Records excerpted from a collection

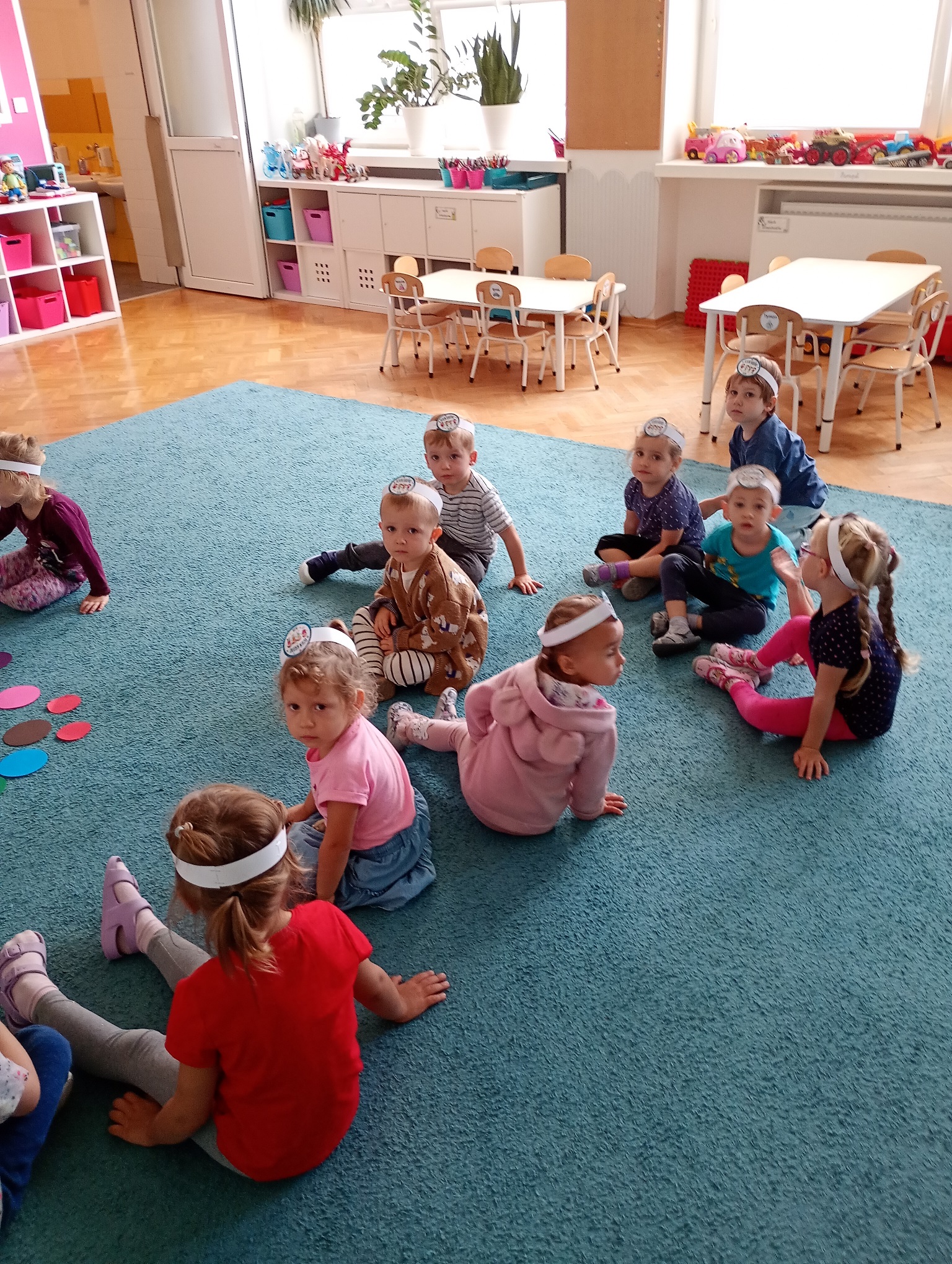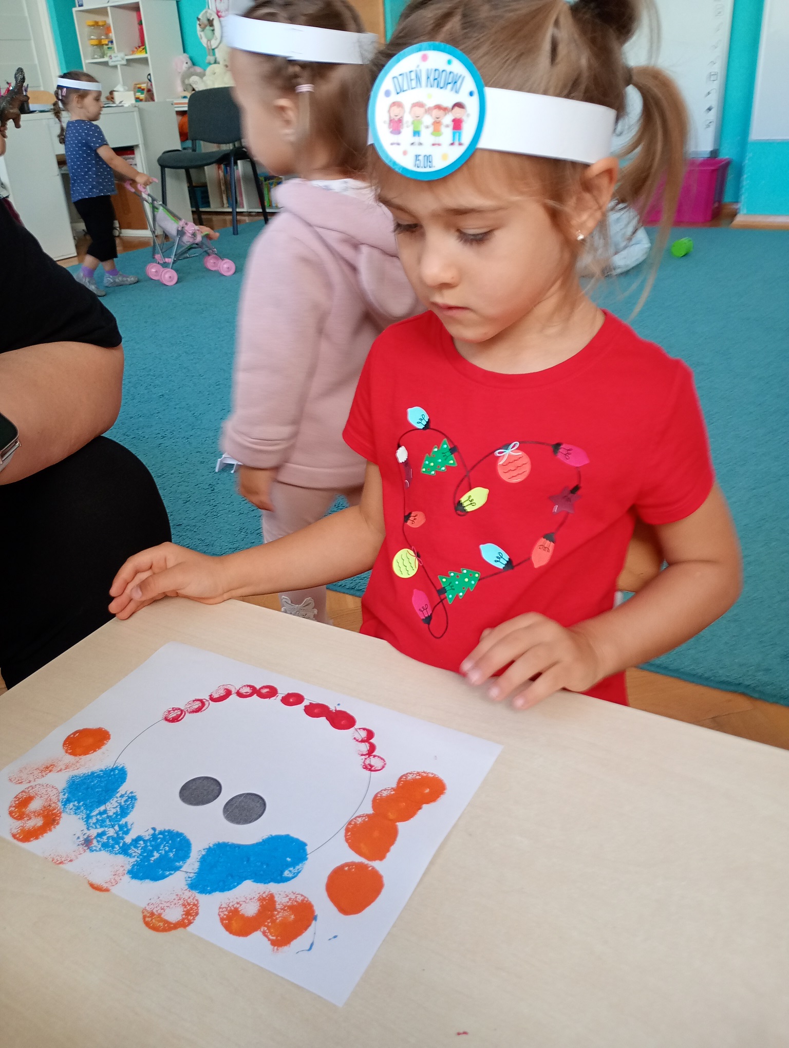 Nasze przedszkolaki już od rana weszły w „kropkowy” nastrój. Liczyliśmy kropki,szukaliśmy ich w różnych zakątkach sali, a także bawiliśmy się w gry i zabawy z kropkami w roli głównej.
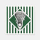 Creative lacrosse team party or sports event napkins featuring cool lax stick art on green background.
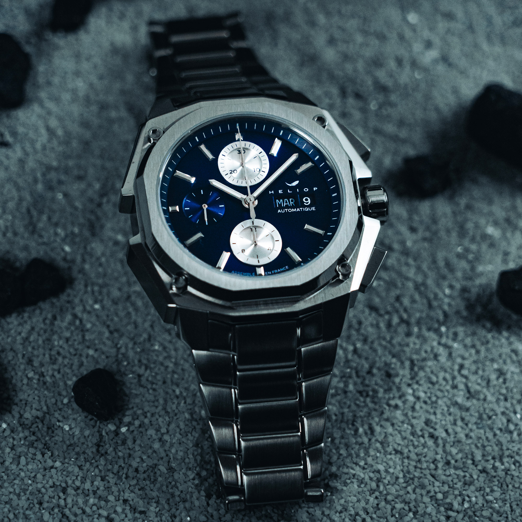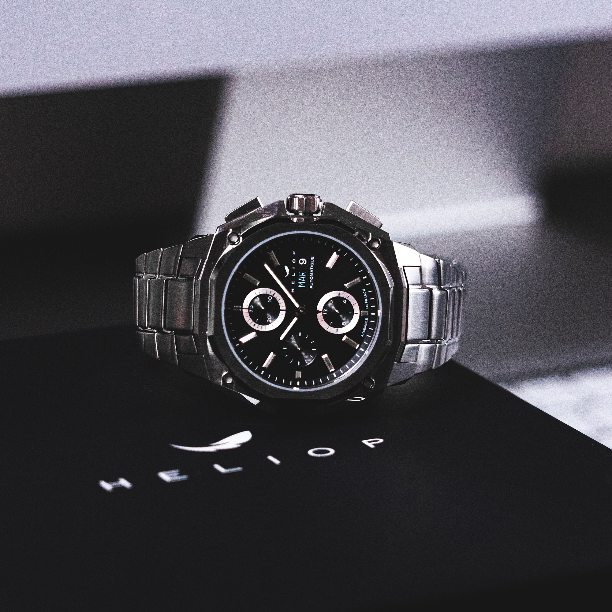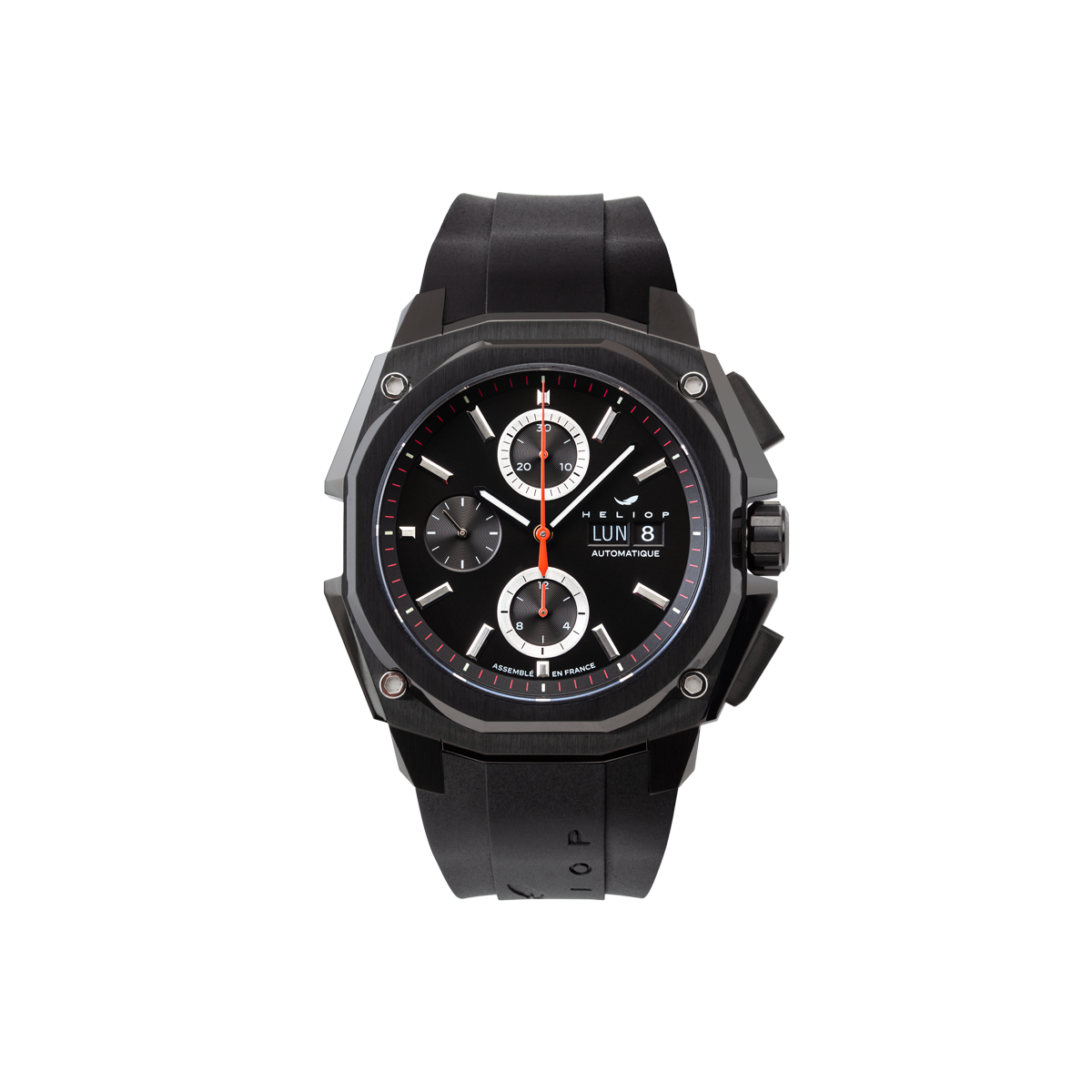 Heliop assume un design moderne et nerveux. Pour sa première collection, le parti pris est d’offrir une pièce qui revendique une certaine puissance, une signature esthétique qui correspond à son état d’esprit et à celui de ses collectionneurs actifs, sportifs et urbains.
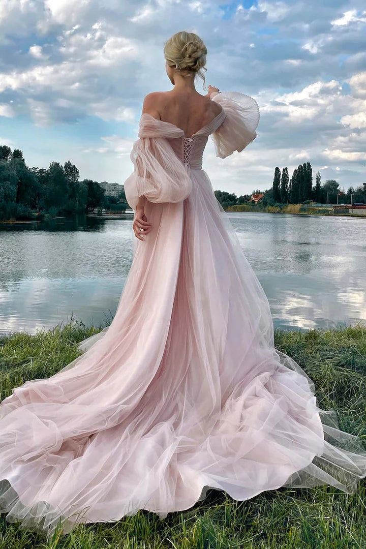 Long Sleeves Light Pink Tulle Prom Gown - US 2 / UK 6 / EU 32
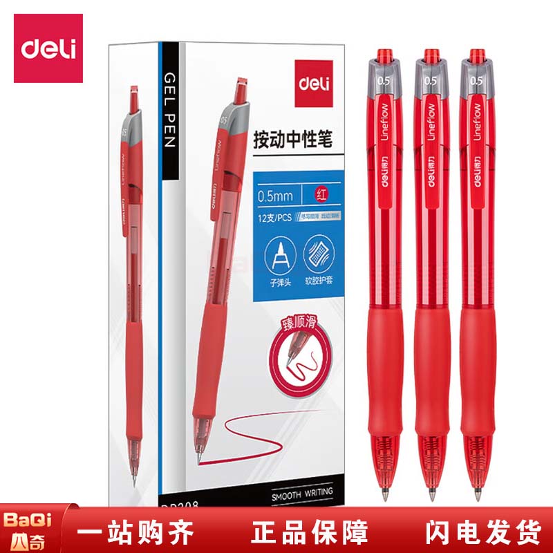 商品名称:得力 DP208 臻顺滑办公中性笔0.5mm弹簧头 红色 12支/盒
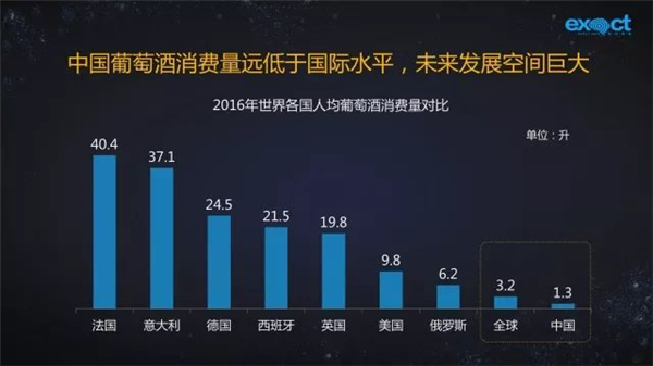 2016年,中國人均葡萄酒消費(fèi)量僅為1.3升,與法國、意大利、德國有很大差距,也低于全球平均水平。中國葡萄酒消費(fèi)還有很大的發(fā)展空間。
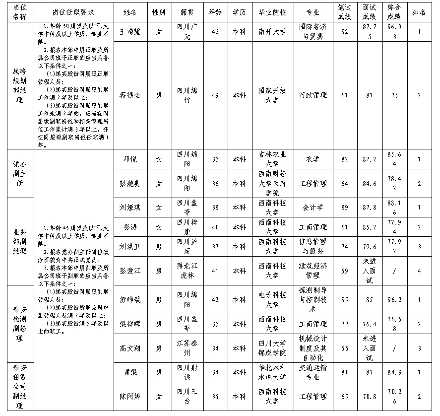 根據(jù)綿陽市汽車實(shí)驗(yàn)駕駛技術(shù)學(xué)校股份有限公司發(fā)布的內(nèi)部競(jìng)聘公告及內(nèi)部競(jìng)聘相關(guān)規(guī)定,經(jīng)筆試、面試等程序,現(xiàn)將內(nèi)部競(jìng)聘成績(jī)予以公示。

• What you will do
First drop every picture, then print the data above exactly as it stands.

• Answer to this task
 Nasze przedszkolaki już od rana weszły w „kropkowy” nastrój. Liczyliśmy kropki,szukaliśmy ich w różnych zakątkach sali, a także bawiliśmy się w gry i zabawy z kropkami w roli głównej.
 Creative lacrosse team party or sports event napkins featuring cool lax stick art on green background.
 Heliop assume un design moderne et nerveux. Pour sa première collection, le parti pris est d’offrir une pièce qui revendique une certaine puissance, une signature esthétique qui correspond à son état d’esprit et à celui de ses collectionneurs actifs, sportifs et urbains.
 Long Sleeves Light Pink Tulle Prom Gown - US 2 / UK 6 / EU 32
 商品名称:得力 DP208 臻顺滑办公中性笔0.5mm弹簧头 红色 12支/盒
 2016年,中國人均葡萄酒消費(fèi)量僅為1.3升,與法國、意大利、德國有很大差距,也低于全球平均水平。中國葡萄酒消費(fèi)還有很大的發(fā)展空間。
 根據(jù)綿陽市汽車實(shí)驗(yàn)駕駛技術(shù)學(xué)校股份有限公司發(fā)布的內(nèi)部競(jìng)聘公告及內(nèi)部競(jìng)聘相關(guān)規(guī)定,經(jīng)筆試、面試等程序,現(xiàn)將內(nèi)部競(jìng)聘成績(jī)予以公示。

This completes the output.